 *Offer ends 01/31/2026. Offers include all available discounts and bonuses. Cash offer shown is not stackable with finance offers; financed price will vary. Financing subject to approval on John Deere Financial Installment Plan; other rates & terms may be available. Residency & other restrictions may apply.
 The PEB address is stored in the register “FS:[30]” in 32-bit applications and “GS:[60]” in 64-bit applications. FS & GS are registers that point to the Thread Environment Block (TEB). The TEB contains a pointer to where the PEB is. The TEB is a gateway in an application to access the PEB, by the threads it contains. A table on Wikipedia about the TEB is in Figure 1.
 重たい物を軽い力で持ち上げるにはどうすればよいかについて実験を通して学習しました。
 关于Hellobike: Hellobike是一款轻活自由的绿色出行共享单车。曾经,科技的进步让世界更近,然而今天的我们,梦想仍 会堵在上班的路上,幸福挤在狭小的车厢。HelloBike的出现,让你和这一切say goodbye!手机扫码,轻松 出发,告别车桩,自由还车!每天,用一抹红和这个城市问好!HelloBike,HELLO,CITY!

==

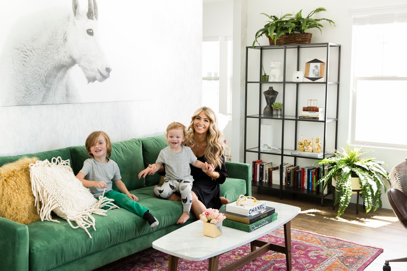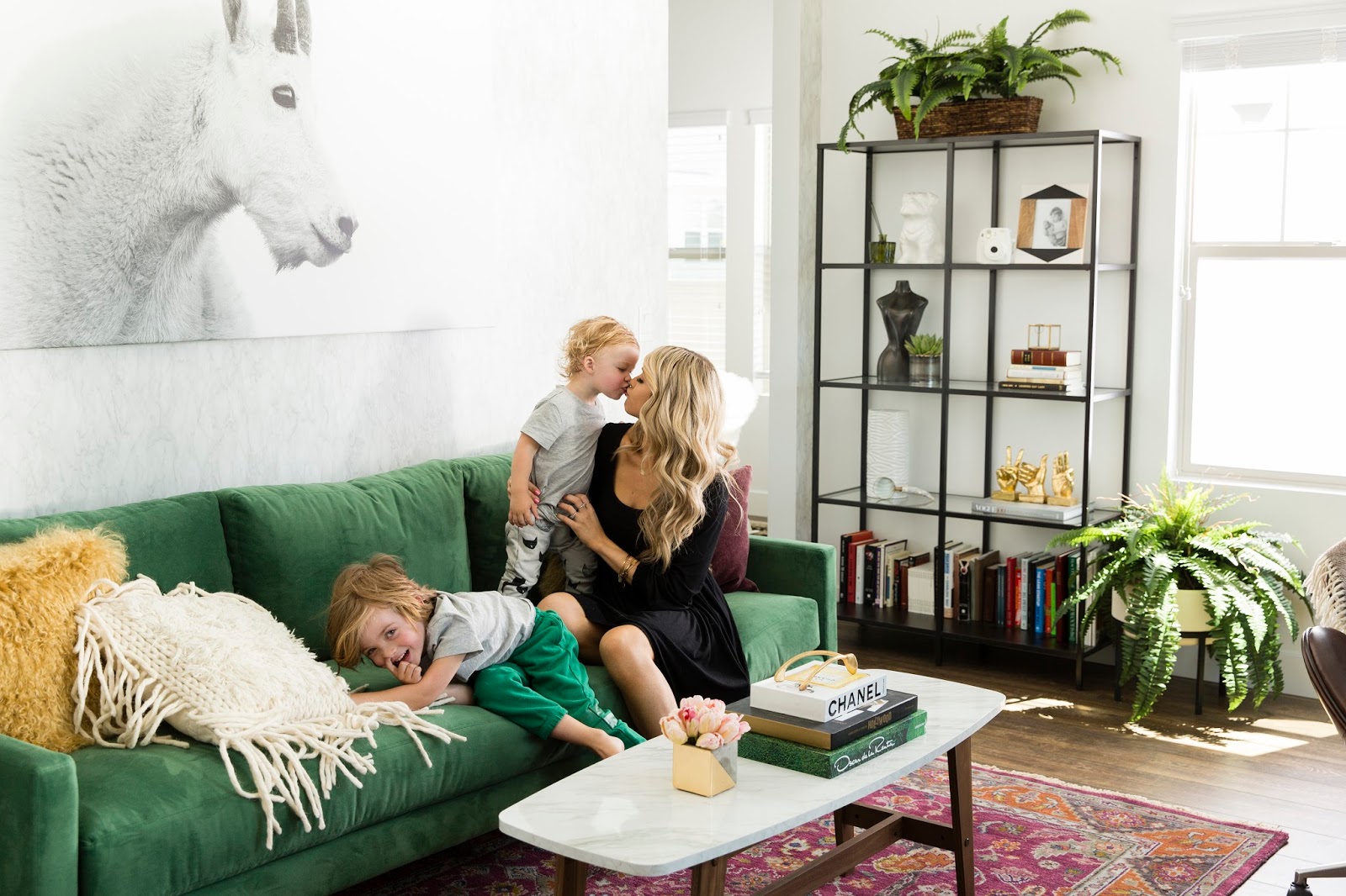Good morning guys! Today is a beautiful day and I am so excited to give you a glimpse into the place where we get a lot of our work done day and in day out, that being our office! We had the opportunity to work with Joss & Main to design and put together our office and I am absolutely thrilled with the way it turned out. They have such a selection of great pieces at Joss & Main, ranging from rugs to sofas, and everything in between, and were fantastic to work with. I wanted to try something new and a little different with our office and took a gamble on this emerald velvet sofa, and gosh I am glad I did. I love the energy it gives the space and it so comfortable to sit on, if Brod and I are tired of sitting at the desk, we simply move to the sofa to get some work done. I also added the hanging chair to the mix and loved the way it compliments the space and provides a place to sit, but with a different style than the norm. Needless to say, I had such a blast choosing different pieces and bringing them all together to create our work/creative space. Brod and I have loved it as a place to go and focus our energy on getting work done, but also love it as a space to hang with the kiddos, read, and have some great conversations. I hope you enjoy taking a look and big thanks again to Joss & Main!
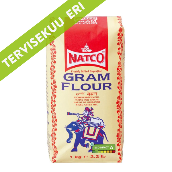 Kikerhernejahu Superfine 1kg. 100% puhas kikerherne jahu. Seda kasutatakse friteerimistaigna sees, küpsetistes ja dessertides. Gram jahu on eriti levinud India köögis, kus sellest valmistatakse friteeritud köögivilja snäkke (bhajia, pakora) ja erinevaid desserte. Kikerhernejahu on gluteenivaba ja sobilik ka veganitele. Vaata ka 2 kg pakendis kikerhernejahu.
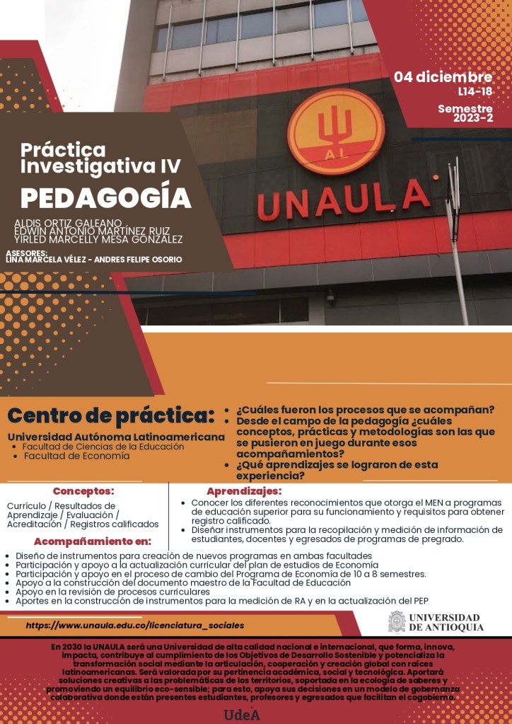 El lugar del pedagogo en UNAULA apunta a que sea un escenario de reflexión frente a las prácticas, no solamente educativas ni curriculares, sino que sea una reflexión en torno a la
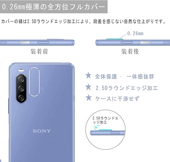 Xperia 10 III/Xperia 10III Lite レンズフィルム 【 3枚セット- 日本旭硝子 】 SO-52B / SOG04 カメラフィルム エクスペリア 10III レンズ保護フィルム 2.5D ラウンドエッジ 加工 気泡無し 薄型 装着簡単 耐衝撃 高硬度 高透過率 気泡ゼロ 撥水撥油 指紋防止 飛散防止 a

What is being asked: Once the line with "Kikerhernejahu Superfine 1kg." has been found above, output that line and every later line exactly, stopping after the line with "Xperia 10 III/Xperia", and omit the pictures.

Task result:
 Kikerhernejahu Superfine 1kg. 100% puhas kikerherne jahu. Seda kasutatakse friteerimistaigna sees, küpsetistes ja dessertides. Gram jahu on eriti levinud India köögis, kus sellest valmistatakse friteeritud köögivilja snäkke (bhajia, pakora) ja erinevaid desserte. Kikerhernejahu on gluteenivaba ja sobilik ka veganitele. Vaata ka 2 kg pakendis kikerhernejahu.
 El lugar del pedagogo en UNAULA apunta a que sea un escenario de reflexión frente a las prácticas, no solamente educativas ni curriculares, sino que sea una reflexión en torno a la
 Xperia 10 III/Xperia 10III Lite レンズフィルム 【 3枚セット- 日本旭硝子 】 SO-52B / SOG04 カメラフィルム エクスペリア 10III レンズ保護フィルム 2.5D ラウンドエッジ 加工 気泡無し 薄型 装着簡単 耐衝撃 高硬度 高透過率 気泡ゼロ 撥水撥油 指紋防止 飛散防止 a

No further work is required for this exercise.